┌────────

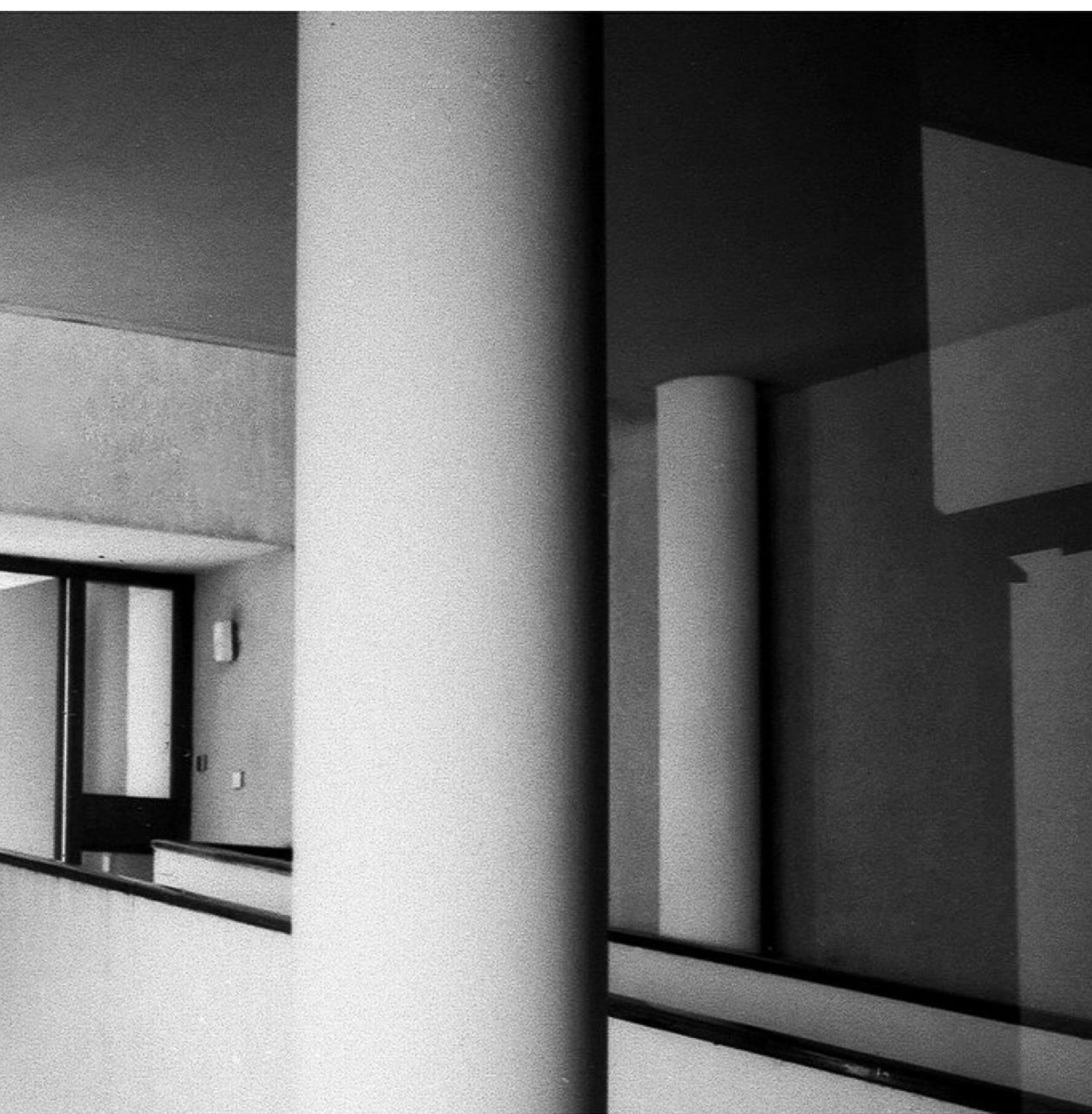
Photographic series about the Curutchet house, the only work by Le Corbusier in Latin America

└────────
┌────────

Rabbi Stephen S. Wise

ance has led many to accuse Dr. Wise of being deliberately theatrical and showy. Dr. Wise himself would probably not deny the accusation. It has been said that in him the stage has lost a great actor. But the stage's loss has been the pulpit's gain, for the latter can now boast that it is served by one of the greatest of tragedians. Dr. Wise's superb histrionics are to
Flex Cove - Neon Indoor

└────────

TASK DESCRIPTION:
All that is needed is the exact run of lines above from the line containing "Rabbi Stephen S. Wise" through the line containing "Flex Cove - Neon Indoor", both of them included.

TASK OUTPUT:
Rabbi Stephen S. Wise

ance has led many to accuse Dr. Wise of being deliberately theatrical and showy. Dr. Wise himself would probably not deny the accusation. It has been said that in him the stage has lost a great actor. But the stage's loss has been the pulpit's gain, for the latter can now boast that it is served by one of the greatest of tragedians. Dr. Wise's superb histrionics are to
Flex Cove - Neon Indoor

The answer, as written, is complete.